Brent crude futures for July LCOc1 fell 1.32% or $1.24 to $92.47 a barrel at 0656 GMT. U.S. oil futures CLc1 fell $1.38, or 1.55%, to $87.52 a barrel.

Brent has plunged 10.5% this week - the steepest fall since the week that ended on April 6, while WTI has dropped 9.2% - the biggest weekly loss since the week that ended on April 13.


Ceasefire Agreement


The U.S. and Iran reached an agreement on Thursday to extend a ceasefire and lift restrictions on shipping through the Strait of Hormuz, sources told Reuters, though U.S. President Donald Trump has yet to approve it and Iranian state media said it had not been finalised.

"Consensus remains that the conflict is over, and a deal is coming. As long as this narrative holds, crude oil has room to extend its decline toward trendline support in the low $80s," IG analyst Tony Sycamore said.

Prices have been volatile in recent sessions, swinging by as much as $6 for both benchmarks on conflicting signals over a possible end to the three-month-old Iran war and the potential reopening of the Strait of Hormuz - a conduit for roughly a fifth of the world's oil and liquefied natural gas supplies.
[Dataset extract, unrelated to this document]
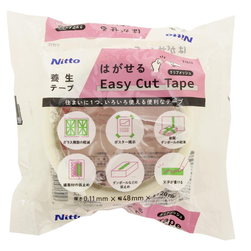 養生テープ はがせる Easy Cut Tape クリアメッシュ 0.11×48mm×20m ニトムズ (T1513)

Recovery Remains Uncertain


Traffic through the maritime chokepoint remains a small fraction of the pre-war level. Analysts at ING said a reopening of the waterway would offer some immediate relief to the oil market, but a recovery is still uncertain.

"Upstream oil production has fallen significantly since the war, with producers shutting in production in order to manage storage constraints," ING said in a note. "The recovery in upstream production will be gradual rather than immediate."

"Refineries in the region need to ramp up output. This will take time, given that some of this infrastructure was targeted in attacks earlier in the conflict."